Detection of proteins and intact microorganisms using microfabricated flexural plate silicon resonator arrays

Jane Pepper, Richard Noring, Mark Klempner, Brian Cunningham, Anthony Petrovich, Robert Bousquet, Christopher Clapp, Jeanne Brady, Brenda Hugh

Research output: Contribution to journalArticlepeer-review


We are developing biosensor arrays that are based on microfabricated silicon flexural plate wave (FPW) resonators coated with molecular recognition chemistry. The resonators within the micro-chemical analysis array (μCANARY) are micro-electromechanical (MEM) sensors that have been miniaturized to allow many independently addressable sensors to be integrated within a single silicon chip.
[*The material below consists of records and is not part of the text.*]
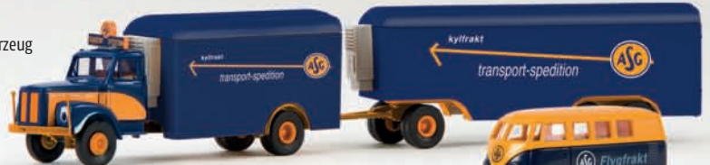
v 85008 Scania L 110 „ASG“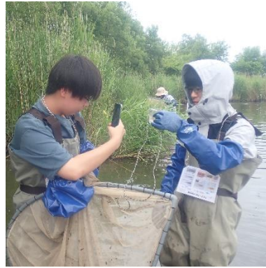
捕獲した小魚を手にパチリ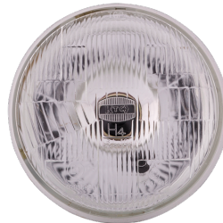
▲ 321-02-6014 Lámpara óptica redonda 7" con bombillo auxiliar, reflector de metal.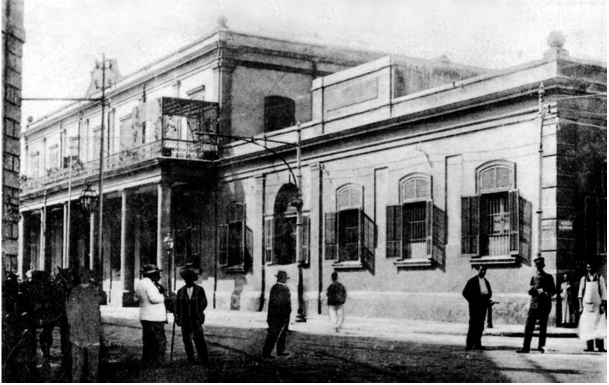
بورصة ميناء البصل عام ١٩٠٠م

لإفريقية، والرابع في تاريخ الدولة العبيدية (أي الفاطمية، نسبة إلى عبيد الله المهدي مؤسسها)، والخامس في تاريخ أهل صنهاجة (وهي إحدى القبيلتين الكبيرتين في الأقطار المغربية، والثانية هي قبيلة زناته، والصنهاجيون معظمهم جزائريون)، والسادس في تاريخ بني حفص أمراء الدولة الحفصية التي حكمت البلاد التونسية وأجزاء أخرى من المغرب العربي، والسابع والثامن في تاريخ الحكم التركي، أما خاتمة الكتاب فيتحدث فيها ابن أبي دينار عن الأحداث المتأخرة في البلاد التونسية، وقد طبع الكتاب في تونس عام ١٢٨٦هـ (١٨٦٩م) ونقله إلى الفرنسية (بيلسييه وريموزا Pellissier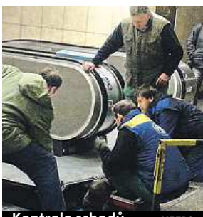
Kontrola schodů METRO

„Během nepřetržité sedmnáctihodinové kontroly byly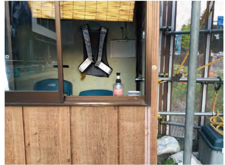
ガードマンBOX（緊急来庁者用アルコール設置）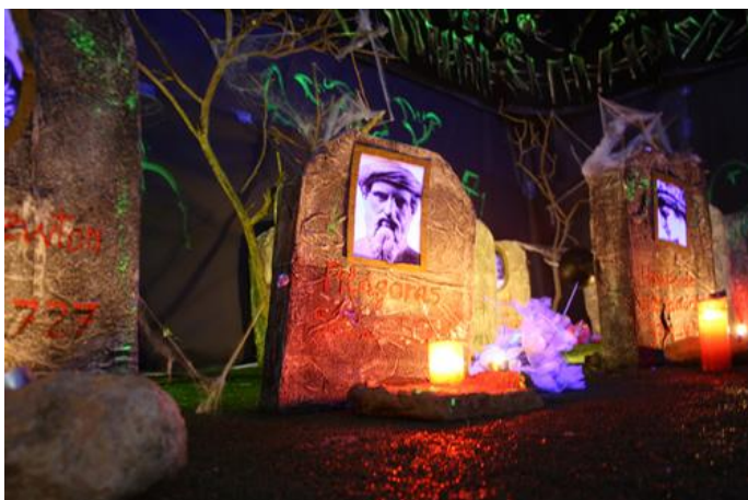
Imagen 19: Decoración del Cementerio Matemático durante la VIII Semana Temática

The target analyte of an individual sensor within the chip is selectively detected by depositing molecular recognition component (or "coating") onto the sensor surface, and monitoring changes in the frequency and phase of the resonance as the coating interacts with the analyte. The ultimate goal of this project is integration of hundreds of miniature resonators within a single chip for detection of biological species. As proof of concept demonstration, we describe here the detection of proteins and intact microorganisms using 2-element and 8-element μCANARY sensor chips and address electronics. Preliminary results of sensitivity, selectivity, and surface regeneration methods of the sensor are presented. Detection of proteins and microorganisms with the μCANARY sensor were confirmed by optical measurements.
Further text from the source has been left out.